Pese a la buena intención de quienes
así piensan y hacen, es una grave equivocación. No es lo mismo defender en
abstracto la tolerancia que escuchar los gritos de los desesperados en las
cámaras de gas. Y no lo es por dos razones de peso teórico y también educativo.
En primer lugar, porque las teorías ilustradas sobre la tolerancia se
disolvieron como un azucarillo cuando apareció el vendaval nacional-socialista.

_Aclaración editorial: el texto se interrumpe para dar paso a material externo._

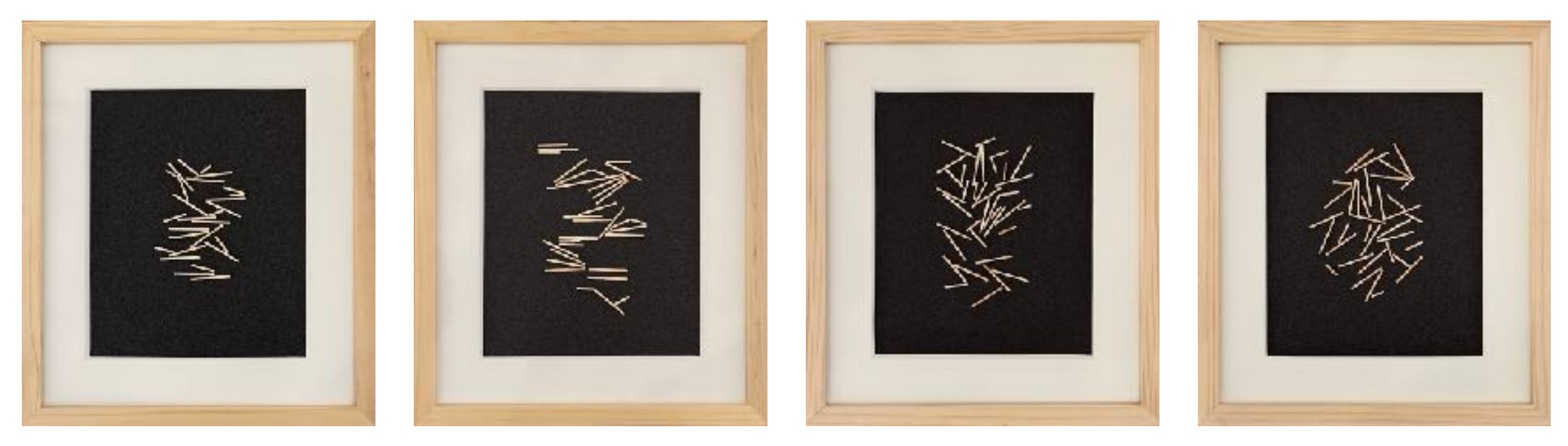
Jeronimo Villa, Blind 1,2,3 and 5, 2021, headless matches on sandpaper, 39.5 x 34.5 cm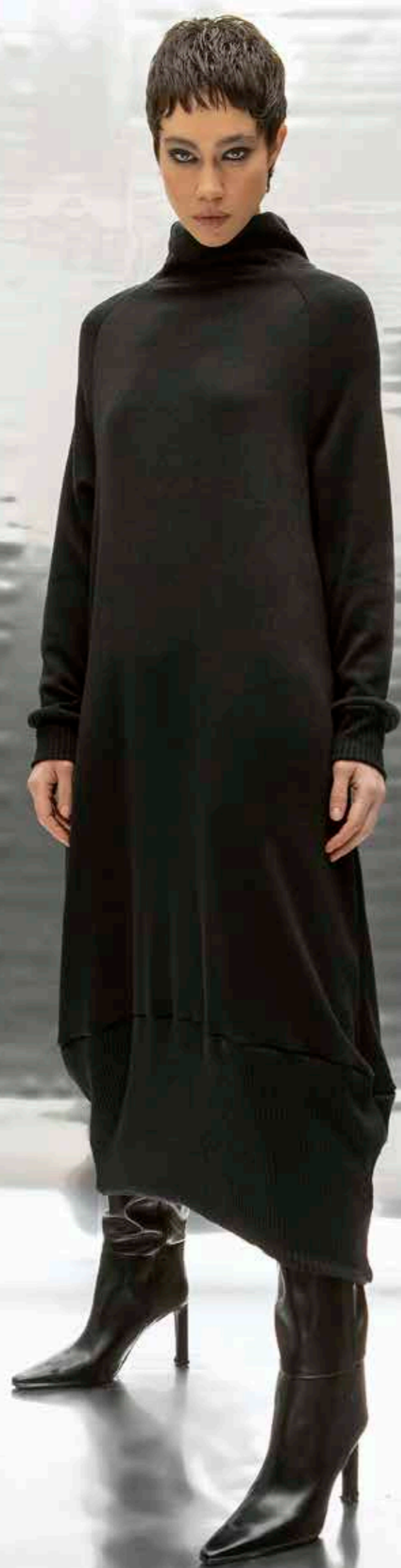
MOD. A10 ART. ML100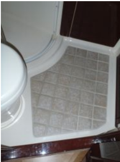
Head tile flooring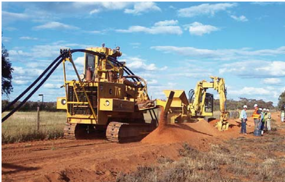
The light and robust HVDC Light cables can be laid with very cost efficient laying methods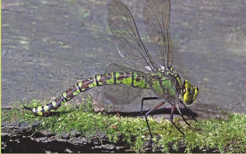
Female southern hawker dragonfly laying eggs in decaying wood. Steve Cham

from accidents or predation. Dragonflies and damselflies are unable to hunt in poor weather and large numbers simply starve at these times.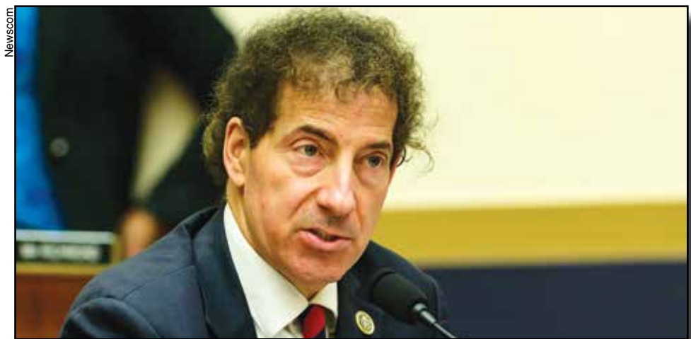
Radicalizing students and Congress: Rep. Jamie Raskin (D-MD) founded “Democracy Summer” to train and deploy students as political organizers on behalf of “progressive” candidates. Raskin’s father was co-founder of the pro-Communist “Institute for Policy Studies.”

Since her recent election to Congress as its youngest woman member ever, Ocasio-Cortez has received massive positive attention from the Establishment media. The attention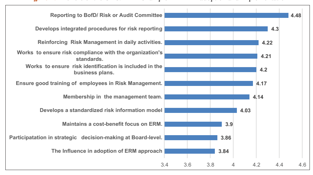
Figure 2: The role of the CRO/ERM Champion in ERM adoption and implementation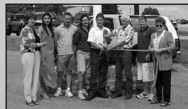
LAMBERT'S WINDOW TINTING AND TRUCK ACCESSORIES 2020 W Southwest Loop 323 • Tyler TX 75701 903-581-5425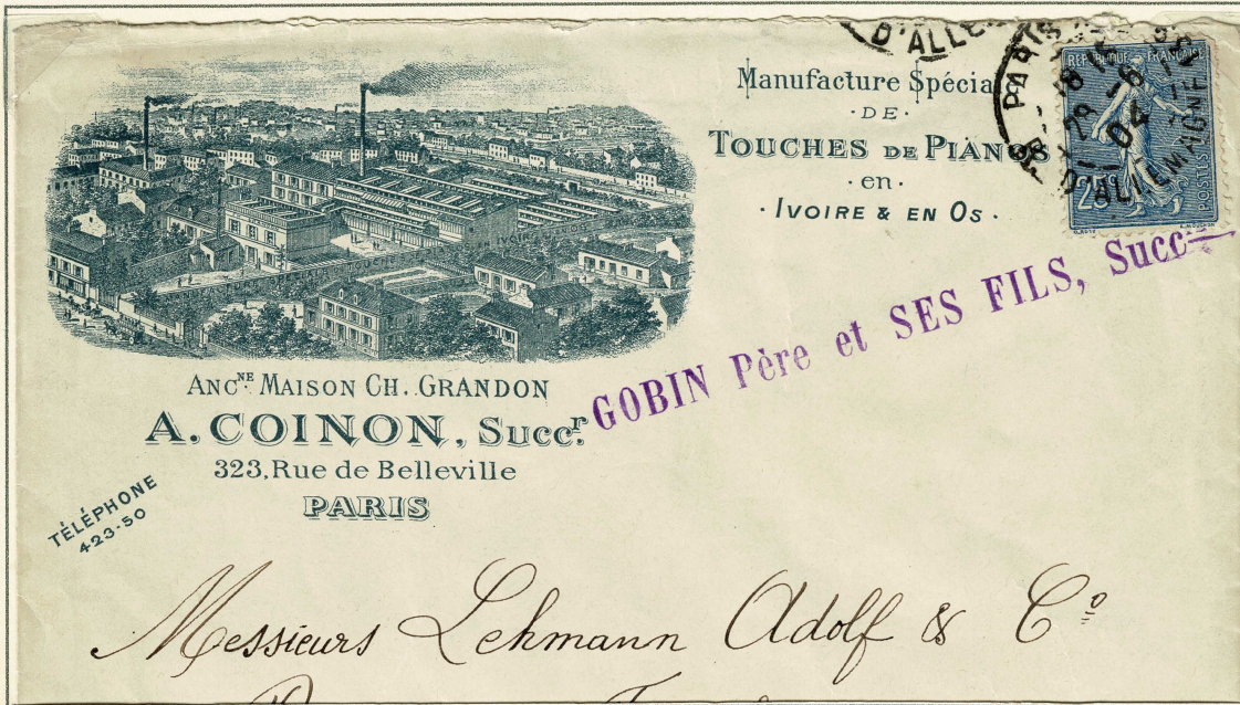
Commercial cover, Paris 06/28/1904 to Berlin. « Manufacture spéciale de touches de pianos en ivoire & en Os » (Special manufacture of piano keys in ivory & bone).

European legislation of the use of ivory in musical instruments such as keyboard instruments (piano, harpsichord, organs, etc.) has been exempted by lobbying. The instruments with ivory keys built before 1947 are sufficient if a certificate proving their age is presented. The use of ivory in new instruments after 1947 is not allowed.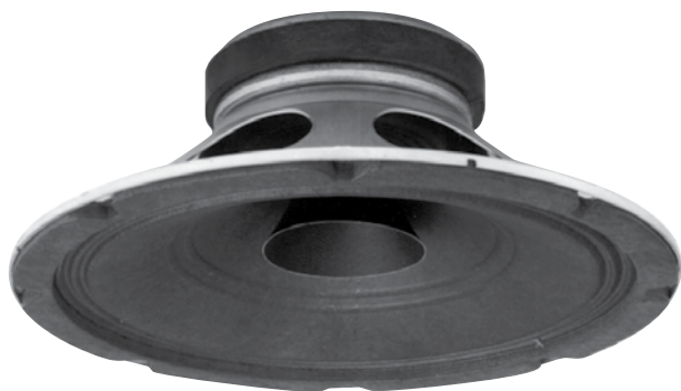
D Series (C10A Series Speaker)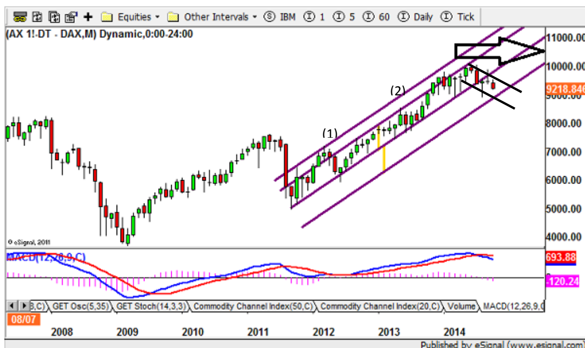
Figure 1: DAX future monthly chart

The above is the monthly chart for the German Index DAX. It is important to have a look at it right now because many pieces of information can be derived from it. Firstly that the index has been diligently inserted in a channel for almost three years and that it moved out upwards only in two instances, in 2012 and late 2013: those two instances resulted more in a bull trap rather than a true acceleration of the trend.

A Alemania, cuna del filósofo y dramaturgo Efraim Lessing, autor del tratado
más brillante sobre la tolerancia, titulado Natán
el Sabio (una pieza teatral), le sirvieron de bien poco los argumentos en favor de la convivencia respetuosa. Estos
se resumían en una idea muy ilustrada, a saber, que todos, antes que judíos,
moros o cristianos, somos hombres, es decir, antes que diferentes somos
iguales. Estos nobles ideales, barridos por el nacionalismo de los siglos XIX y
XX, no supieron prevenir ni predecir la barbarie nazi, basada precisamente en
la diferencia étnica. Entonces, si queremos luchar eficazmente contra la
intolerancia o el racismo, hay que movilizar otras fuerzas. En concreto:
ponernos delante de la experiencia de la barbarie que han protagonizado seres
pertenecientes a esa cultura ilustrada
que es también la nuestra. Más eficaz que proclamar ideales en la escuela es
recordar el sufrimiento que nuestra
cultura es capaz de generar en el futuro porque lo ha hecho ya en el
pasado.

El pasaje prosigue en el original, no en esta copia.